If they thought that record was dull, wait until they hear this one. It is devoid of high frequency response. Again, the original isn't exactly a sparkly, crystalline affair, but it does have some air and some transient sharpness.

It's as if Mobile Fidelity has gone from issuing overly bright records to overly dull ones. 

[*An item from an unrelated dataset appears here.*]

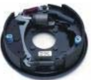
3500# Hydraulic Free Backing Brake Assembly - LH

(K23-331-00) Complete 10" x 2-1/4" hydraulic uni-servo (duo-servo shown) with park brake assembly. Right Hand.

 If it was up to me, I would have simply pulled the plug. It's difficult to recommend this reissue. You're sure to be disappointed and if not you must have a really bright system because this is one Dixie Chicken that's all dark meat.

Music Direct Buy It Now

COMMENTS
doonser's picture

At last! Thank you! I always thought Lowell George was saying, "Milquetoast Hitler" in "Kiss it Off," and somehow I knew it referred to Nixon, but when I finally looked up the lyrics online, I was saddened to see it written as "There is no peace/ Is no love, a milk-toast love" (or sometimes "milk-toasted"). Besides being lame, it just didn't make sense. I thought I was the victim once again of my mondegreen-making mind that as a kid had heard the Burt Bachrach song as "Canada Dry, when your baby doesn't love you" (I'm not alone).  

 

"Milquetoast Hitler" makes so much more sense in the context of the rest of the song. Thank you. Now I may be able to sleep at night. 

 

Long live Lowell George!

 

irksome's picture

Never-ending thanks to the author as well as to doonser (above); I too have always been convinced he was singing Milquetoast Hitler on Kiss It Off. I couldn't believe that the lyricist who wrote "onomatopoetry, symmetry in motion" would ever end a line with "love" 3 lines in a row. There is also obviously an extra syllable which could only come off as "milquetoasted" or "milquetoasty", neither of which make sense, as well as some seriously dark and foreboding music that would hardly work.
In 1972/3 when the record was being produced, the Vietnam War, as well as the street protests were still in full swing. I remember. Nixon had just been re-elected, the child of some electric nightmare. Kiss It Off has always been one of my favorite Feat songs; thanks for the validation.
As to the MoFi release of Dixie Chicken, I'll keep my original pressing thanks, sounds great to me. It's like an old and dear friend I get to re-unite with on occasion and pick up the conversation right where we left off.